Published:03/21/2018 Last Updated:03/21/2018

Volume 3 introduced various stages of the predictive model fitting and deployment process in Intel® Distribution for Python's (IDP) Intel® Data Analytics Acceleration Library (Intel® DAAL) used in a batch processing environment. In this volume, we will go deeper into other processing modes that Intel DAAL has in store; mainly focusing on accelerating the training stage. This article will illustrate two major computation modes which distinguish Intel® DAAL from other popular data analytics libraries available in the market: Distributed Processing and Online Processing modes.

To accelerate the model training process, Intel DAAL supports **distributed processing mode** for large datasets including a programming model that makes it easy for users to implement a Master-Slave approach. Mpi4py can be easily interfaced with PyDAAL (Intel DAAL's Python API), as Intel DAAL's serialization and deserialization classes enable data exchange between nodes during parallel computation.

To accelerate the model re-training process and to overcome challenges associated with limited compute resources, Intel DAAL includes **online processing mode**.

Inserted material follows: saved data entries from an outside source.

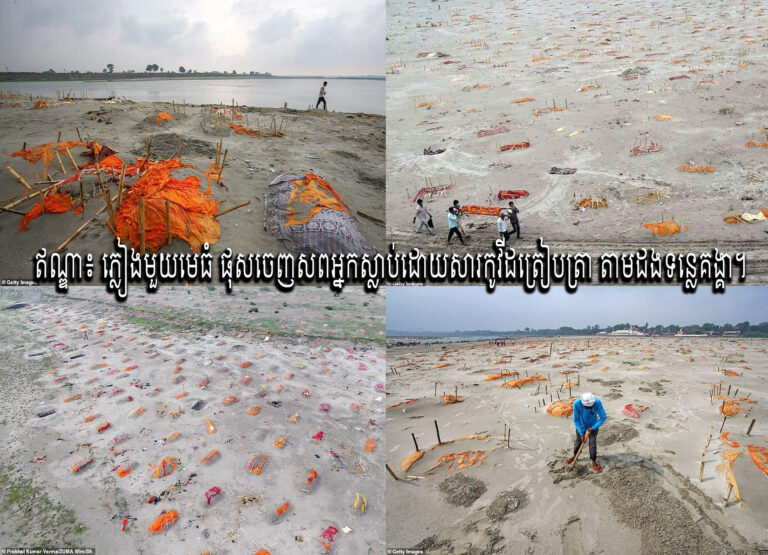 ភ្នំពេញ៖ ចេញផ្សាយ ថ្ងៃសៅរ៍ ១១កើត ខែជេស្ឋ ឆ្នាំឆ្លូវ ត្រីស័ក ព.ស ២៥៦៥, ត្រូវនឹងថ្ងៃទី ២២ ខែ ឧសភា ឆ្នាំ២០២១។ ឥណ្ឌា៖ ភ្លៀងមួយមេធំ ផុសចេញសពអ្នកស្លាប់ដោយសារកូវីដត្រៀបត្រា តាមដងទន្លេគង្គា។ វាគឺជារូបភាពដ៏រន្ធត់ ដែលសពអ្នកស្លាប់ដោយសារជំងឺកូវីដ-១៩...
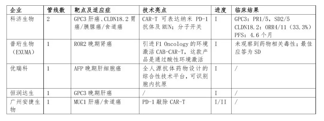 表6 國內(nèi)獲得實體瘤CAR-T臨床批件的企業(yè)
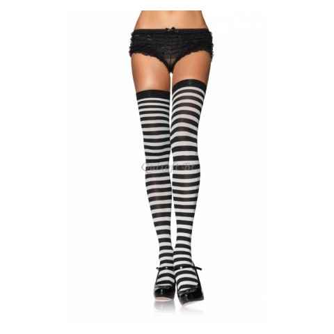 Átlátszatlan csíkos nejlon harisnya a Leg Avenue-tól Pajkos, szexi viselet. Miniszoknyával az igazi! 70 denes szálvastagság. Nagyon sokféle színben kapható normál méretben. Plusz méretben csak a fekete-fehér változat elérhető (ennek ára 1500 Ft-tal több).
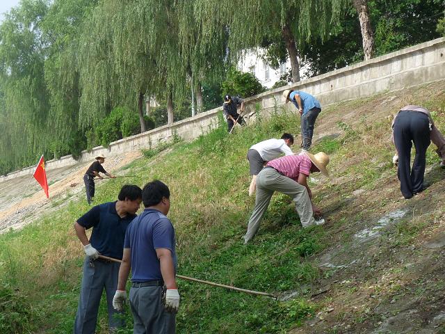 這次活動的主要任務是利用周末休息時間清除水源保護區(qū)河堤護坡上的雜草、清洗龜山水廠清水池?;顒臃謨陕愤M行:一路由機關(guān)支部、物貿(mào)公司支部、水務建設(shè)工程公司支部、恒基市政公司支部組成,對三橋至一橋之間全長780米河堤上的雜草、雜物進行全面清除。清晨7時許,河堤上擺開了長龍陣,同志們有的用鍬鏟、有的用鐮砍、有的用斧剁、有的直接用手扯藤除草……好一派繁忙景象。集團總支書記王興友同志親臨現(xiàn)場,率先垂范,帶病堅持參加勞動,為廣大黨員干部作出了榜樣。在集團黨總支班子的帶領(lǐng)下,不到三個小時就結(jié)束了“戰(zhàn)斗”,整個水源保護區(qū)堤段上潔凈整齊,賞心悅目。

**Vol 1: Data Structures**- Introduces Data Management component of Intel DAAL and available custom Data Structures(Numeric Table and Data Dictionary) with code examples.**Vol 2: Basic Operations on Numeric Tables**- Introduces possible operations performed on Intel DAAL's custom Data Structure (Numeric Table and Data Dictionary) with code examples**Vol 3: Analytics Model Building and Deployment****–**Introduces analytics modeling and evaluation process in Intel DAAL with serialized deployment in batch processing.**Vol4: Distributed and Online Processing**– Introduces Intel DAAL's advanced processing modes (distributed and online) that support data analysis and model fitting on large and streaming data.

The demonstrations in this article require IDP, Intel DAAL and mpi4py installation which are available for free on Anaconda cloud.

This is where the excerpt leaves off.